Reinforcement-Learning-of-Sequential-Price-Mechanisms

论文Reinforcement Learning of Sequential Price Mechanisms的非官方复现

papar Reinforcement Learning of Sequential Price Mechanisms unofficial implementation

原文论文：

Brero G, Eden A, Gerstgrasser M, et al.

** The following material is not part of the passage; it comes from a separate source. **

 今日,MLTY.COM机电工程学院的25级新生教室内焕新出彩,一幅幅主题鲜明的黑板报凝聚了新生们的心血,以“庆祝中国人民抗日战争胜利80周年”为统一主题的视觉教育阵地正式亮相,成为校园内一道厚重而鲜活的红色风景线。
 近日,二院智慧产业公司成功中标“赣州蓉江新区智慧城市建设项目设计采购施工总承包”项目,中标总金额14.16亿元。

Reinforcement learning of sequential price mechanisms[C]//Proceedings of the AAAI Conference on Artificial Intelligence. 2021, 35(6): 5219-5227.

Usage

Env/SPMsEnv.py is the environment of Part 1: Correlated Value Experiments (Welfare). in the original paper, register it in gym.
SB3SPM.py use OpenAI Stable Baselines library. (Dependency: Stable Baselines3)
ppo_continuous_action.py is another all-in-one script based on cleanrl. (Dependency: CleanRL)

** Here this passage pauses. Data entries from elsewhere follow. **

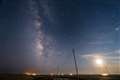 参考に、昨夜撮った写真を添付します(月齢17、18夜の月が、天の川を追いかけるかのように上がって来たので少しの時間しか撮影できませんでした)。
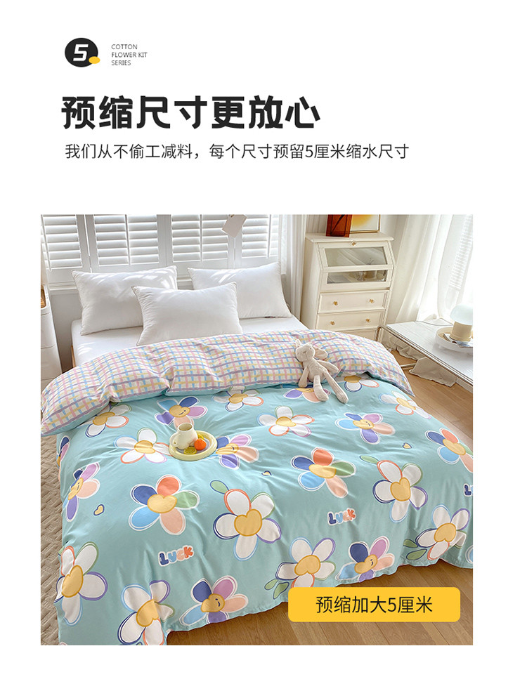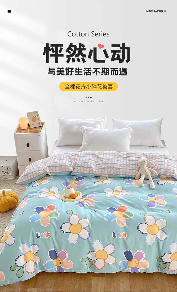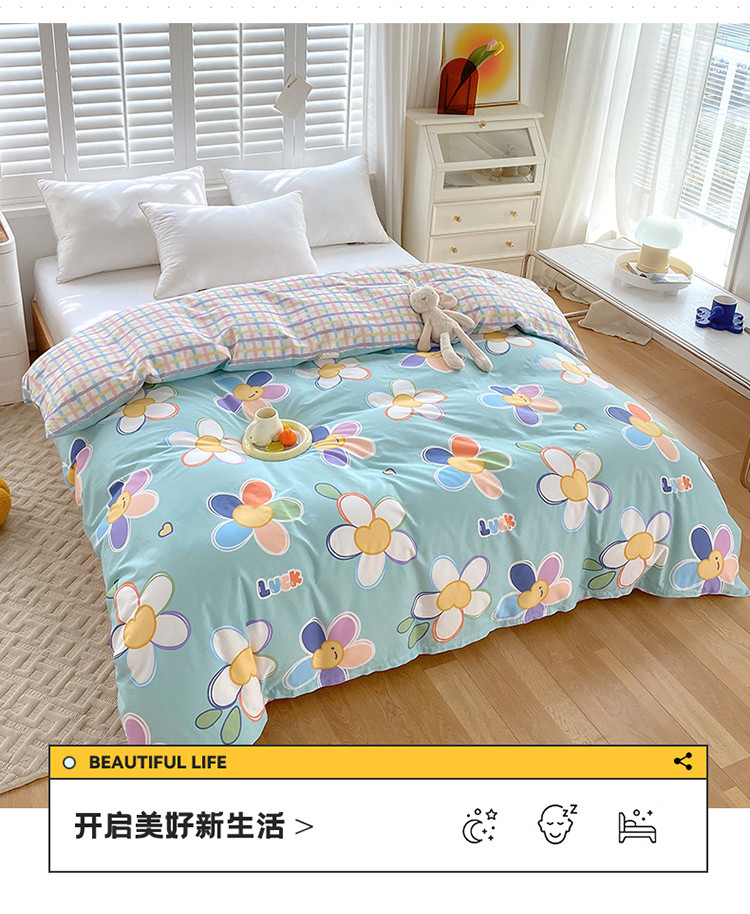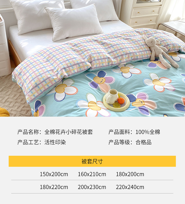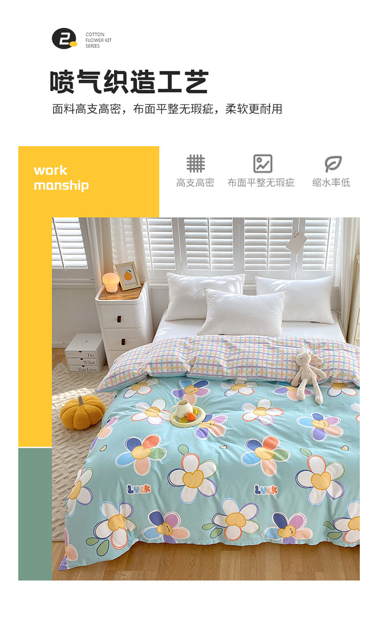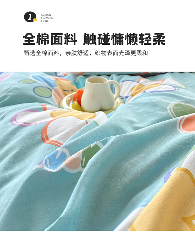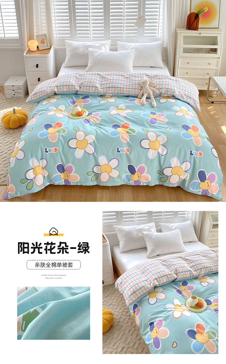 商品名称:拾物记 2022新款A类12868全棉喷气印花系列单被套 阳光花朵-绿
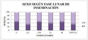 Con respecto a los nacimientos, se observó que cuando la concepción o inseminación se da durante la fase de luna menguante, aumenta la proporción de hembras y los partos tienden a ser más fáciles, con un menor peso al nacer. En contraste, el número total de nacimientos aumenta durante la fase creciente.
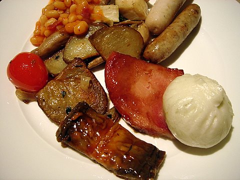 我特別拍了一張豪華早餐的照片,我花了一千多,吃了像這樣三盤,那看起來實在不怎麼健康可口。

Sequential-Price-Mechanisms

Agents : $[n]={1, \ldots, n}$
Items : $[m]={1, \ldots, m}$
valuation function : $v_{i}: 2^{[m]} \rightarrow \mathbb{R}_{\geq 0}$
Payment : $\boldsymbol{\tau}=\left(\tau_{1}, \ldots, \tau_{n}\right)$
allocations : $\mathbf{x}=\left(x_{1}, \ldots, x_{n}\right)$
social welfare : $\operatorname{sw}(\mathbf{x}, \mathbf{v})=\sum_{i \in[n]} v_{i}\left(x_{i}\right)$

Objective: maximize the expected social welfare

$$ $\mathbb{E}_{\mathbf{v} \sim \mathcal{D},(\mathbf{x}, \boldsymbol{\tau}):=\mathcal{M}(\mathbf{v})}[\mathbf{S W}(\mathbf{x}, \mathbf{v})]$ $$

Initialize : $\rho^{0}=\left(\rho_{\text {agents }}^{0}, \rho_{\text {items }}^{0}\right) = ([n],[m])$, $\mathbf{x}^{0}=(\emptyset, \ldots, \emptyset)$ and $\boldsymbol{\tau}^{0}=(0, \ldots, 0)$.

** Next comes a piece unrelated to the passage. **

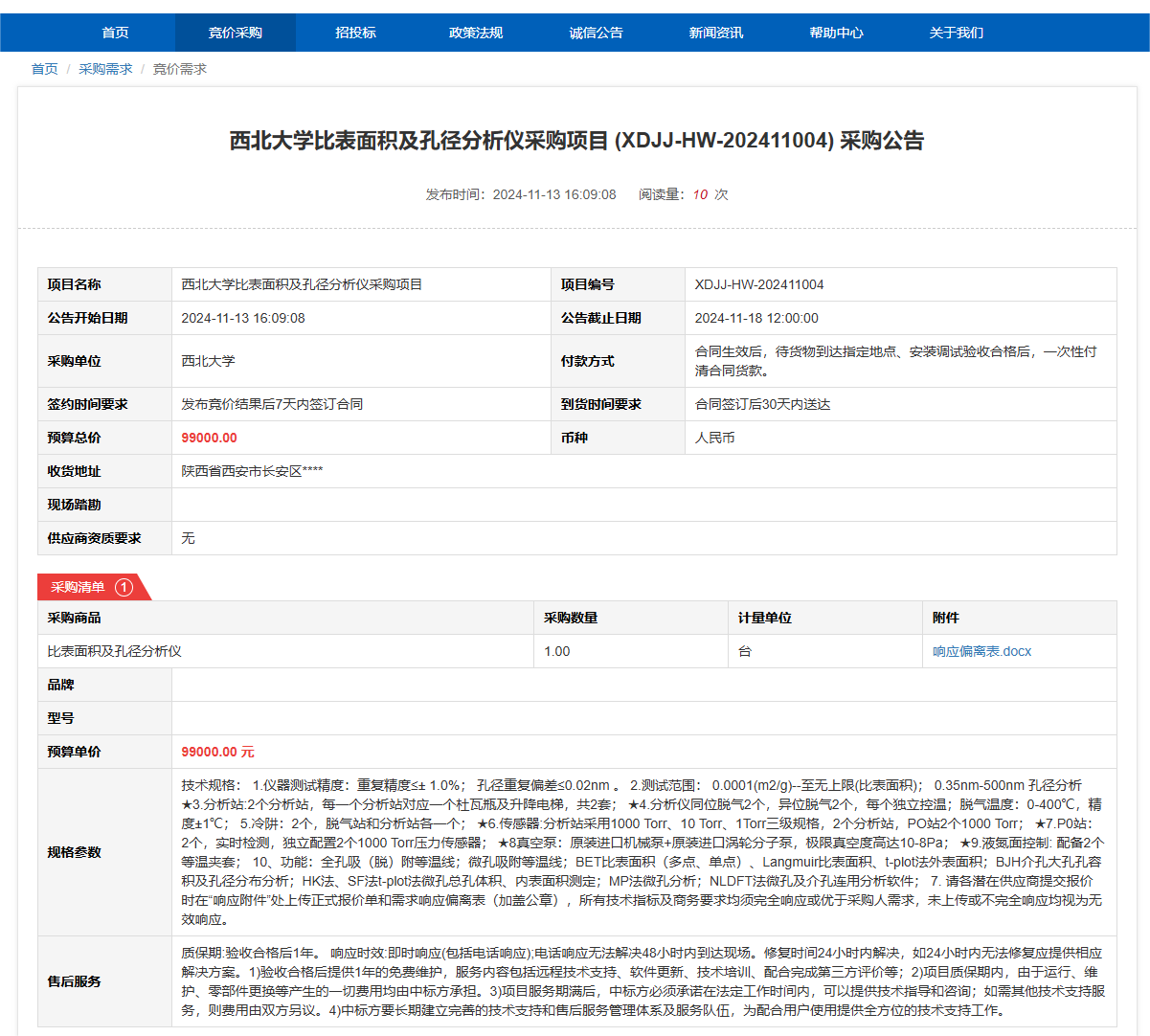 九游会在线登录官网比表面积及孔径分析仪采购项目(XDJJ-HW-202411004)竞价采购公告 作者:采购与招标办公室 编辑: 时间:2024-11-13 原公告链接:https://www.ejingcai.com.cn/site/bidding/detail/14819

one mechanism step(round):

the mechanism picks an agent $i^{t} \in \rho_{\text {agents }}^{t-1}$ and posts a price $p_{j}^{t}$ for each available item $j \in \rho_{\text {items }}^{t-1}$.
agent $i^t$ selects a bundle $x^t$ and is charged payment $\sum_{j \in x^{t}} p_{j}^{t}$.
the mechanism update the remaining items $\rho_{\text {items }}^{t}$, remaining agents $\rho_{\text {agents}}^{t}$, temporary allocation $x^t$, and temporary payment profile $\tau^t$.
The game terminates when no agents or items are left.

Learning Optimal SPMs

The problem of designing an optimal SPM is casted as a POMDP problem.

state : $s^{t}=\left(\mathbf{v}, \mathbf{x}^{t-1}, \rho^{t-1}\right)$
action : $a^{t}=\left(i^{t}, p^{t}\right)$
observation : $o^{t+1}=\left(i^{t}, p^{t}, x^{t}\right) \in \mathcal{O}$
reward = $\operatorname{sw}\left(\mathbf{x}^{t}, \mathbf{v}\right)$ if terminal state else 0

3 different types statistic of the history as observations:

(a). Items/agents left: encoding which items are still available and which agents are still to be considered.

(b). Allocation matrix: in addition to items/agents left, encodes the temporary allocation x tat each round t.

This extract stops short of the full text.